- [WHAT THE TASK REQUIRES]:
Give back exactly the lines from the start of the entries below to the line holding "Помидоры измельчить либо", that line included, and leave every picture out.

Stored data

○ ○ ○

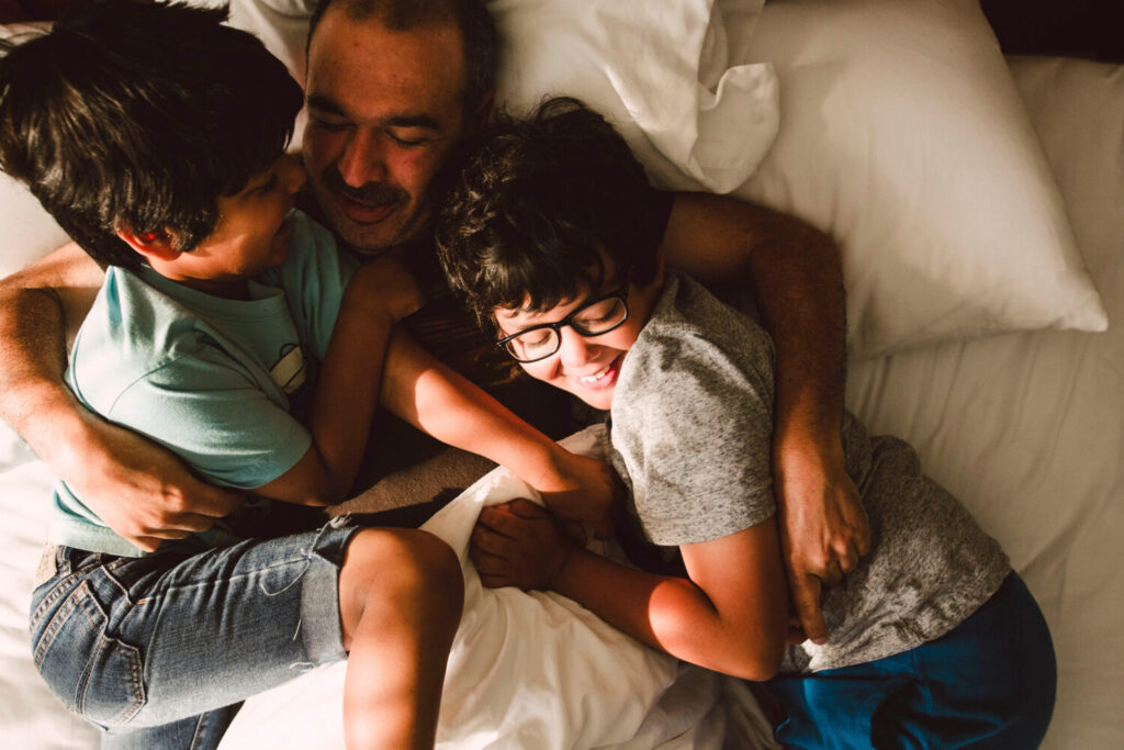 dos ninos son abrazados por su padre en la cama ID: 81241 Dos niños son abrazados por su padre en la cama
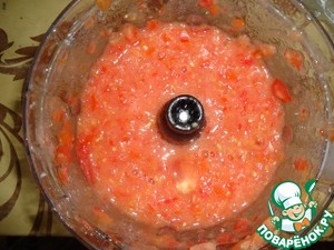 Помидоры измельчить либо с помощью блэндера, либо с помощью мясорубки.
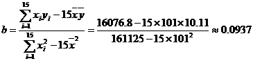 说明:本题若没有告诉我们y与x间是呈线性相关的,应首先进行相关性检验。如果本身两个变量不具备线性相关关系,或者说它们之间相关关系不显著时,即使求出回归方程也是没有意义的,而且其估计与预测也是不可信的。
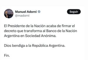 El presidente Javier Milei decidió transformar el Banco de la Nación Argentina en una sociedad anónima mediante el Decreto 116/2025, sin debate parlamentario ni consulta pública. El anuncio lo hizo su vocero, Manuel Adorni, en un escueto mensaje en redes sociales: «Dios bendiga a la República Argentina. Fin.»
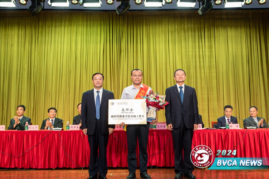 會上,黨委書記周志成,黨委副書記、院長范雙喜為“全國優秀教師”“教育部新時代職業學校名師”園藝園林學院教授高照全授名師牌。
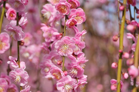 例年、見頃を迎えてから1週間~10日ほどで散り始め、その後さらに1週間~10日ほどで見頃を終え(天候により前後します)、本年の公開を終了します。散り始め以降も、花びらが静かにこぼれる様子や梅吹雪、花びらの絨毯など、終盤ならではの風景をお楽しみいただけます。見頃終盤には職人による剪定の実演も予定しています。
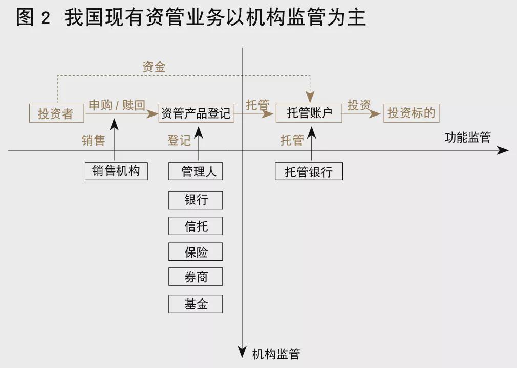 功能监管的目标对象与机构监管不同。机构监管的重点是市场准入的牌照管理以及对经营机构资本充足率、流动性水平、杠杆水平、盈利能力的审慎监管,重在强调金融机构的稳健性;而功能监管的目标是投资者权益保护,强调投资者适当性管理和产品信息披露质量。如果说机构监管是纵向的监管,功能监管则是横穿资管产品全生命周期、跨行业、跨市场、跨机构的监管。
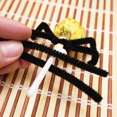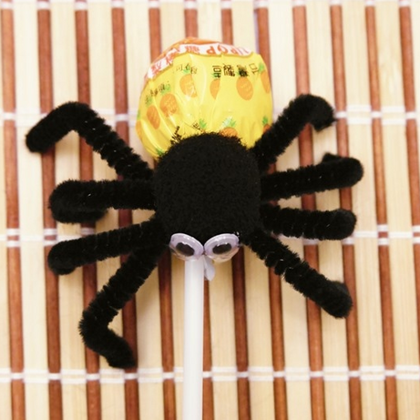 1. Cut the thick knitted yarn into pieces of the same length. Then use two pieces to wrap the stick from above and below. Four pieces make one spider.
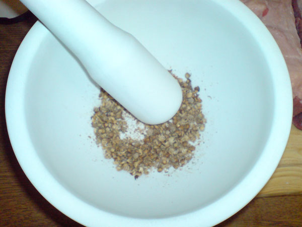 First of all, I bought a good half kilo of cheap meat. Brisket, being cheap and a little bit fatty, is perfect. By the careful, scientific method of 'slinging some in a bowl' I measured out a suitable amount of coriander and crushed it. The old, familiar scent should hit you at this stage and my resolve was once again tightened - I could already taste it!
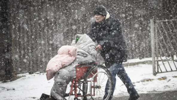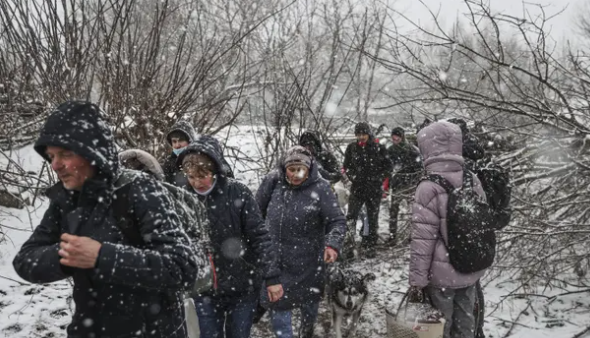 Kolonat e civilëve duke ikur nga Irpin ndërsa bora është duke rënë.
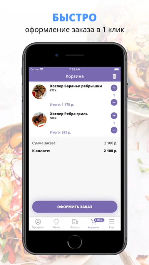 Скачивайте наше приложение, оформляйте заказ и наслаждайтесь любимой едой, где бы Вы ни были! Приятного аппетита!
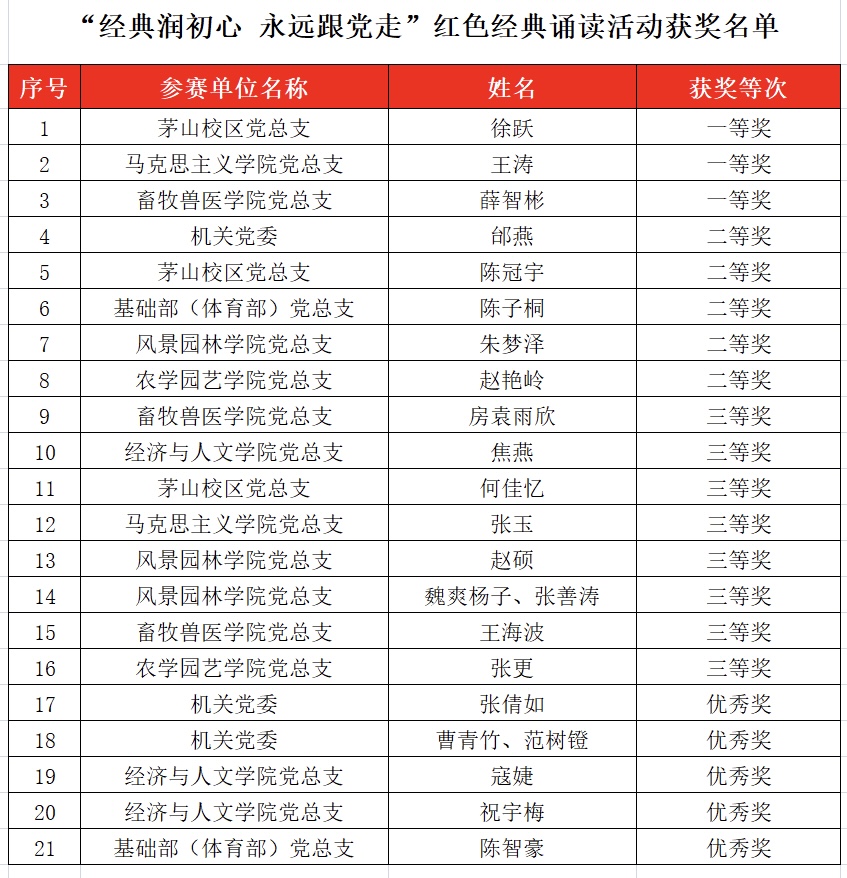 本次活动分为初赛和决赛,各部门经初赛评选后提交2-3篇作品参加录制进行决赛。经专家评审,茅山校区党总支徐跃、马克思主义学院党总支王涛、畜牧兽医学院党总支薛智彬等三位师生获得一等奖。

○ ○ ○

- [SOLVED PROBLEM]:
 dos ninos son abrazados por su padre en la cama ID: 81241 Dos niños son abrazados por su padre en la cama
 Помидоры измельчить либо с помощью блэндера, либо с помощью мясорубки.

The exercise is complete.